Methods PubMed and Web of Science were used to search for relevant studies published until 31 December 2018. RMs considered for this study were vessel width, tortuosity, fractal dimensions and branching geometry. Studies which report risks in terms of OR, HR, RR along with 95% CI, and used RMs as independent and continuous variables were selected for meta-analysis. A random effects model was used.
Results The only studies found that satisfied the criteria for our meta-analysis were for Diabetic Retinopathy (DR) (four studies) and stroke (eight studies).
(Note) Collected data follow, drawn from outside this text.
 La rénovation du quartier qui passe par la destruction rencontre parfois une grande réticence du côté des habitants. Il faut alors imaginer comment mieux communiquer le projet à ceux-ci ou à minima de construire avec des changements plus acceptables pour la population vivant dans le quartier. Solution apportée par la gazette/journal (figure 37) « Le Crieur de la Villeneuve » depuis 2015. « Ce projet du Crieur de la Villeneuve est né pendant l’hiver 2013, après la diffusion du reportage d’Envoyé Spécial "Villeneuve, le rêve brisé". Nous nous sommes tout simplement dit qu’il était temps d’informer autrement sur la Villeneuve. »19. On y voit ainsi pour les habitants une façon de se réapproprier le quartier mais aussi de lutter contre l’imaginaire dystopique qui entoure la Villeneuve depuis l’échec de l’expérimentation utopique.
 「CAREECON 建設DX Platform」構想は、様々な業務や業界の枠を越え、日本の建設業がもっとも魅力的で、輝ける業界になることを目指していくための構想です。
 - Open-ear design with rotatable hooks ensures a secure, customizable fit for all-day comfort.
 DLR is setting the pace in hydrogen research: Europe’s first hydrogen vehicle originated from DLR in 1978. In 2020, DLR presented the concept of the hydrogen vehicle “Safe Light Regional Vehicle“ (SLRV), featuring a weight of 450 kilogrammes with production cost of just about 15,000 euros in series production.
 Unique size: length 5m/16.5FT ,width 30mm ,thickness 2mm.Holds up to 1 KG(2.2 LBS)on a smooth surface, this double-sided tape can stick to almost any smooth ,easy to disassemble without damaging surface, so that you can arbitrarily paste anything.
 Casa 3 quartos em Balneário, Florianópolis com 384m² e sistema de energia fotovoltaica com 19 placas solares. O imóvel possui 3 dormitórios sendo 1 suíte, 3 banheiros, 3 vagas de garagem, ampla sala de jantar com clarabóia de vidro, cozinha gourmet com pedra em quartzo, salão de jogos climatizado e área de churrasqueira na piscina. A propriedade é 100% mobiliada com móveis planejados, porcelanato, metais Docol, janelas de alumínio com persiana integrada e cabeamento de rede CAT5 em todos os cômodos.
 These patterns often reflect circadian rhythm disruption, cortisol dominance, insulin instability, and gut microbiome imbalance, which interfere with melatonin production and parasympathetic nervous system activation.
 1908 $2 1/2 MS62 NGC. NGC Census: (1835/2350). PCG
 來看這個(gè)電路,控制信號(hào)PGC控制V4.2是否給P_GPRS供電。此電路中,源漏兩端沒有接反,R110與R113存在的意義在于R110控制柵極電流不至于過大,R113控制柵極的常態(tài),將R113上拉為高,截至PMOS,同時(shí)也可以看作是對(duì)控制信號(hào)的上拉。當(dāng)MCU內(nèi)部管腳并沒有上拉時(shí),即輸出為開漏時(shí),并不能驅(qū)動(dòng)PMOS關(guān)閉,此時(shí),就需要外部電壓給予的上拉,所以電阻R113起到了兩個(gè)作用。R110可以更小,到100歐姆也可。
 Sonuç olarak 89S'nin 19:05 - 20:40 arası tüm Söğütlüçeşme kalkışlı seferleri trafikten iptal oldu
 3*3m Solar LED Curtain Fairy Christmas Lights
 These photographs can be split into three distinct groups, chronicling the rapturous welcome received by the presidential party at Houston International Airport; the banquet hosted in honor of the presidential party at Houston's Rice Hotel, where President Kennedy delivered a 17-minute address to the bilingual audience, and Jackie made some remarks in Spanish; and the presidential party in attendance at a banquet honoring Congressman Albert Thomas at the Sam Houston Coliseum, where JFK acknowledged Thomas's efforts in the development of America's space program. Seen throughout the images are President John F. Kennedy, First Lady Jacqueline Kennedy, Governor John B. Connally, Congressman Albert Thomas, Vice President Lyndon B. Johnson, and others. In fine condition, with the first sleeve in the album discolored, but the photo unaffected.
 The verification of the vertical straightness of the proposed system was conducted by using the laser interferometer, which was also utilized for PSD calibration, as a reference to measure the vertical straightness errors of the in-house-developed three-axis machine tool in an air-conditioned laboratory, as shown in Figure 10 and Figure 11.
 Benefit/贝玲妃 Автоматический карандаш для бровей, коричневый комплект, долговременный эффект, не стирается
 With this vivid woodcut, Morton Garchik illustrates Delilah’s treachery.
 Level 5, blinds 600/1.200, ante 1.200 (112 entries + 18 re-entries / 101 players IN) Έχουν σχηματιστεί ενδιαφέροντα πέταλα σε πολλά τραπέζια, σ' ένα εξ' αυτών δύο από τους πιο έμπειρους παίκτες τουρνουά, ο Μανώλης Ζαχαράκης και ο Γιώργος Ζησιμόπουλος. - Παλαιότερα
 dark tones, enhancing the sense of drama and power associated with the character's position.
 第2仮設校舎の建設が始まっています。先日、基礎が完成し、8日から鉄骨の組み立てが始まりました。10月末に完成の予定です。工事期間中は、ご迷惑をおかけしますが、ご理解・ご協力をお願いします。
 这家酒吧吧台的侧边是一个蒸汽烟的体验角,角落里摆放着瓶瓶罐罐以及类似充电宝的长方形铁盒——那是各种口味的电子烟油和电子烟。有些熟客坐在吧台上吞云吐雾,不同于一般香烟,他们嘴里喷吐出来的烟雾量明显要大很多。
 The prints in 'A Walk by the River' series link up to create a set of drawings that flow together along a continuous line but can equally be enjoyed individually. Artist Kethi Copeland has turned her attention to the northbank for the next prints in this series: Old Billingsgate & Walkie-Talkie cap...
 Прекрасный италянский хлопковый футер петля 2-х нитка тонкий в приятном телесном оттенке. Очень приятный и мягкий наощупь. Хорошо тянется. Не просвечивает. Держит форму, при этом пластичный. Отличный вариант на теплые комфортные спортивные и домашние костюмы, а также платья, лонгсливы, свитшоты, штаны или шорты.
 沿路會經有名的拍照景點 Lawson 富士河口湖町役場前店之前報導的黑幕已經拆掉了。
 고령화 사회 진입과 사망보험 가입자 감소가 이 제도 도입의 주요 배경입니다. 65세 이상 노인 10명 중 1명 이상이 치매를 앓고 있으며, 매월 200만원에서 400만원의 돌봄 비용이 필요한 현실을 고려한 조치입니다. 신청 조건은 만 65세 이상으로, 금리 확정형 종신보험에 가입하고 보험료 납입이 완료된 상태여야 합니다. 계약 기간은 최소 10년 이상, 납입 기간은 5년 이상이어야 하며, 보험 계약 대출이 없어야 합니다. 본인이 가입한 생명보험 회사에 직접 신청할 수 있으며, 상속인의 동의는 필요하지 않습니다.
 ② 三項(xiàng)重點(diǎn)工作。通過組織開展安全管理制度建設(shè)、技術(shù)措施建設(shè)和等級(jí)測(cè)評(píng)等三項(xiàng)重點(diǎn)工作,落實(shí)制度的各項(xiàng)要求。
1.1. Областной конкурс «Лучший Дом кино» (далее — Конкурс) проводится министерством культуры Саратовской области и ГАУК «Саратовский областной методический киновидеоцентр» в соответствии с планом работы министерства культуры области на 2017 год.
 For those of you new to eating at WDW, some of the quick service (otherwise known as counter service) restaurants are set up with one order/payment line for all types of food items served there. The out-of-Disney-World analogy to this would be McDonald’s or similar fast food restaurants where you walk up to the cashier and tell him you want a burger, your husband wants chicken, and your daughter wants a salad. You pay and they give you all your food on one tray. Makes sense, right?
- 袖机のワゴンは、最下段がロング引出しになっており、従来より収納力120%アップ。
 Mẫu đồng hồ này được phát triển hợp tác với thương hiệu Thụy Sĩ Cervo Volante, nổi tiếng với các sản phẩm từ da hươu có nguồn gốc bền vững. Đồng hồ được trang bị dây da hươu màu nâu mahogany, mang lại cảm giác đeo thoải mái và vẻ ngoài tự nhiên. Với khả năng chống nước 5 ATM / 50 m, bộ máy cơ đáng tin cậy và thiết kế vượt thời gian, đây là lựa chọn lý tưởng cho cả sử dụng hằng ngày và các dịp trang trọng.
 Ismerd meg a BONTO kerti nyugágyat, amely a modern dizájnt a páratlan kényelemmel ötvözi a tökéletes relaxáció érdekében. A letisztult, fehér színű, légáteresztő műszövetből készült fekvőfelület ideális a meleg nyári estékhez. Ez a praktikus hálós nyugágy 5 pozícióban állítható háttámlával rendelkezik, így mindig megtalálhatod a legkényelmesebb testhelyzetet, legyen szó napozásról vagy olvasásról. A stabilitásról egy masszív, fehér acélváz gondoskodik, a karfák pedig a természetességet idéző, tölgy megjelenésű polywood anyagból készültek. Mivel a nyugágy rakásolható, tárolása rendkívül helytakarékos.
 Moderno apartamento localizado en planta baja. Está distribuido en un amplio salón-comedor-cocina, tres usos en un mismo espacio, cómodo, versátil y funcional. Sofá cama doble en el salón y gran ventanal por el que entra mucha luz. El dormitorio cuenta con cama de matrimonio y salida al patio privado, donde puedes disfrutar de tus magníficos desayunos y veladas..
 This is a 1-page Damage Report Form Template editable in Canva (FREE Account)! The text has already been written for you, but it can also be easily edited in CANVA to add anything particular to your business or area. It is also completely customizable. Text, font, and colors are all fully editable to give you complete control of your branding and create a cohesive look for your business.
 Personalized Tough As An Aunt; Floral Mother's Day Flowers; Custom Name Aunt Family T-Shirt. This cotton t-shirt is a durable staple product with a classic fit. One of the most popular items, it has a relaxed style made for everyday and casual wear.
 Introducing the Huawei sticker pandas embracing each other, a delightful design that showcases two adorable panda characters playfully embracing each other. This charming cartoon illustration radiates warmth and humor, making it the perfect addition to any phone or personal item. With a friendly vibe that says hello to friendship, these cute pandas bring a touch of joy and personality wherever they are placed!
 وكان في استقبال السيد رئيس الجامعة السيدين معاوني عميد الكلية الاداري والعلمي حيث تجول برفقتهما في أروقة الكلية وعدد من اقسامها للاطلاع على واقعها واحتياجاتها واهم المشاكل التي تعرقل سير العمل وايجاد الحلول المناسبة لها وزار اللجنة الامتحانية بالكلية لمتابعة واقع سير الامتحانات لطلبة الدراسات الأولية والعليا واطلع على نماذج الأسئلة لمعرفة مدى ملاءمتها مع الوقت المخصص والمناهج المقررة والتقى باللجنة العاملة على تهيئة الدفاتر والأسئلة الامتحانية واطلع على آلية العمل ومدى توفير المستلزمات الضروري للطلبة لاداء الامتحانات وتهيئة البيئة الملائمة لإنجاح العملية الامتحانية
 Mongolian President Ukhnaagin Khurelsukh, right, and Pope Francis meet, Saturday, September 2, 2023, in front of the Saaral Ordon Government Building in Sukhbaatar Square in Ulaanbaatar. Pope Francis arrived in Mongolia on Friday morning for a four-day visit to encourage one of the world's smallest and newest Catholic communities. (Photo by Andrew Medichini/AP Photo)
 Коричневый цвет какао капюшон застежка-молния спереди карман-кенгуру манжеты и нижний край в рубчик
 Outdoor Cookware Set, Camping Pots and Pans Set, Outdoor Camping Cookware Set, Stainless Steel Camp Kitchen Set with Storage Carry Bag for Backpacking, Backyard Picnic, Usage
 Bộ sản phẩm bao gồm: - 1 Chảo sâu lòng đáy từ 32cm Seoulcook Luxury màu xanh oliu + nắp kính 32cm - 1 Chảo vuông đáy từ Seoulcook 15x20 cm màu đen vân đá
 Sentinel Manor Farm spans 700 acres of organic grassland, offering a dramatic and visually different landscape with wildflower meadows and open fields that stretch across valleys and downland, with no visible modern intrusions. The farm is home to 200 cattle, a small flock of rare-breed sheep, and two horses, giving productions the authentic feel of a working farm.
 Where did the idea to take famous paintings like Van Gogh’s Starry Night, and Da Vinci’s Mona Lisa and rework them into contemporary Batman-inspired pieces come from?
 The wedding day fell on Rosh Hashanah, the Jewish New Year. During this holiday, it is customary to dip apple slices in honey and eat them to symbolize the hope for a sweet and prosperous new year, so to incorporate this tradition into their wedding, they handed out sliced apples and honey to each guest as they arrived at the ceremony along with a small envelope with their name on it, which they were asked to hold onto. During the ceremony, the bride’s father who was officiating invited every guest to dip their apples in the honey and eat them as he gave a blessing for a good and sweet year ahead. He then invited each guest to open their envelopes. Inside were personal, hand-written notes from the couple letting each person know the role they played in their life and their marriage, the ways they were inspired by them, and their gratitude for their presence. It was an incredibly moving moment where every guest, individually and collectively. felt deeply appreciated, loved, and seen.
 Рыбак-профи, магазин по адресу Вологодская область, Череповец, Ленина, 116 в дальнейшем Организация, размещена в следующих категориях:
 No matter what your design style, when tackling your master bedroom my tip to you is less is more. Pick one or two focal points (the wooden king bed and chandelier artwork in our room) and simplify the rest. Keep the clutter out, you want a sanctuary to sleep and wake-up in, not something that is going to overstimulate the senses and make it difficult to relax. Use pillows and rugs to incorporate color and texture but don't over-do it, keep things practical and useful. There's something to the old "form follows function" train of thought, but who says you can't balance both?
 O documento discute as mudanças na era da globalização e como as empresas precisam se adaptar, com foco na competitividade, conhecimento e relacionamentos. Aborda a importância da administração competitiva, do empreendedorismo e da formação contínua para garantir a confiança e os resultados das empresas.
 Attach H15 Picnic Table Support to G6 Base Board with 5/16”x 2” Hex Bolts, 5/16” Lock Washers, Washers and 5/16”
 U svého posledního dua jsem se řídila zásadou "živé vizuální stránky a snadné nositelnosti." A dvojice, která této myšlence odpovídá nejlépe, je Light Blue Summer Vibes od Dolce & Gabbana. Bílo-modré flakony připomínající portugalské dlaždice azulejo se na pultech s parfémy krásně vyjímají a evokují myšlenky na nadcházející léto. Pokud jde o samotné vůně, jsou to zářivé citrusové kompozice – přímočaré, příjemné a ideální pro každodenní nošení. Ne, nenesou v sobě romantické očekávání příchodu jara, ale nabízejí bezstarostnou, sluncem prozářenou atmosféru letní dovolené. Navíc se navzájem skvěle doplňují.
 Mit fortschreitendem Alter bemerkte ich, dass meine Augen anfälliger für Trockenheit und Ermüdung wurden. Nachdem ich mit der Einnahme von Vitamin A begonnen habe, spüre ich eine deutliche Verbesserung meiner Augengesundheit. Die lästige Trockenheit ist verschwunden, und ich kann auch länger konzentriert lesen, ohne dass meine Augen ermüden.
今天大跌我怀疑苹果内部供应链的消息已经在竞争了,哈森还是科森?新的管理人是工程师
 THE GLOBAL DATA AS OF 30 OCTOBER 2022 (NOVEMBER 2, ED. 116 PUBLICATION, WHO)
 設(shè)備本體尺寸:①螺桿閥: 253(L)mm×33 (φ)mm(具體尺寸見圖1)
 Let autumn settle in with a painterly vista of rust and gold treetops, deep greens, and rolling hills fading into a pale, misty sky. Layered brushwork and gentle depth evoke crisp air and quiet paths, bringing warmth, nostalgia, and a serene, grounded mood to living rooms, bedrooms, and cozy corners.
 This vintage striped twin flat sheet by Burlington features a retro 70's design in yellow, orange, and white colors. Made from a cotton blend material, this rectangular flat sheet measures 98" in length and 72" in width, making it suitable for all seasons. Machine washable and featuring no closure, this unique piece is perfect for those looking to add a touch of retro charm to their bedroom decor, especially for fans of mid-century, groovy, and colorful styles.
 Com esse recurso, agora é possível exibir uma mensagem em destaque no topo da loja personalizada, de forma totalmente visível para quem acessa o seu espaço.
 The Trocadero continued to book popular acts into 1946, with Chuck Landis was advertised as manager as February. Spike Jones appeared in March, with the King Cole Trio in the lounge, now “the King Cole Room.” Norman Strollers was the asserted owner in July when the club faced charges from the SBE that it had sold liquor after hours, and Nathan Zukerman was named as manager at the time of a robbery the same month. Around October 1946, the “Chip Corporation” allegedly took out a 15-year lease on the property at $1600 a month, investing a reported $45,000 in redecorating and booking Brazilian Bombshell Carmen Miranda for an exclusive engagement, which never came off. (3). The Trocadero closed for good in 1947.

For DR, three studies (n = 5,793) explored association with vessel width in 216 (3.7%) patients with DR. A significant relationship between arteriolar vessel width and risk of DR was found [OR: 1.36 (95% CI: 1.12–1.57)]. Two studies (n = 1,092) explored the association between branching geometry and DR in 355 (32.50%) patients with DR and showed a significant relationship between venular branching geometry and risk of DR [OR: 1.15 (95% CI: 1.0–1.32)].
Seven studies (n = 26,081) explored the association between retinal vessel width in 1,385 (18.83%) with stroke and showed significant association between arteriolar and venular vessel width and risk of stroke, OR: 1.22 (95% CI: 1.03–1.46) and OR: 1.13 (95% CI: 1.00–1.29) respectively.
Conclusion Our study indicates the RMs may be significant predictors of vascular complications in type 2 diabetes and that there remain significant gaps in knowledge in this area.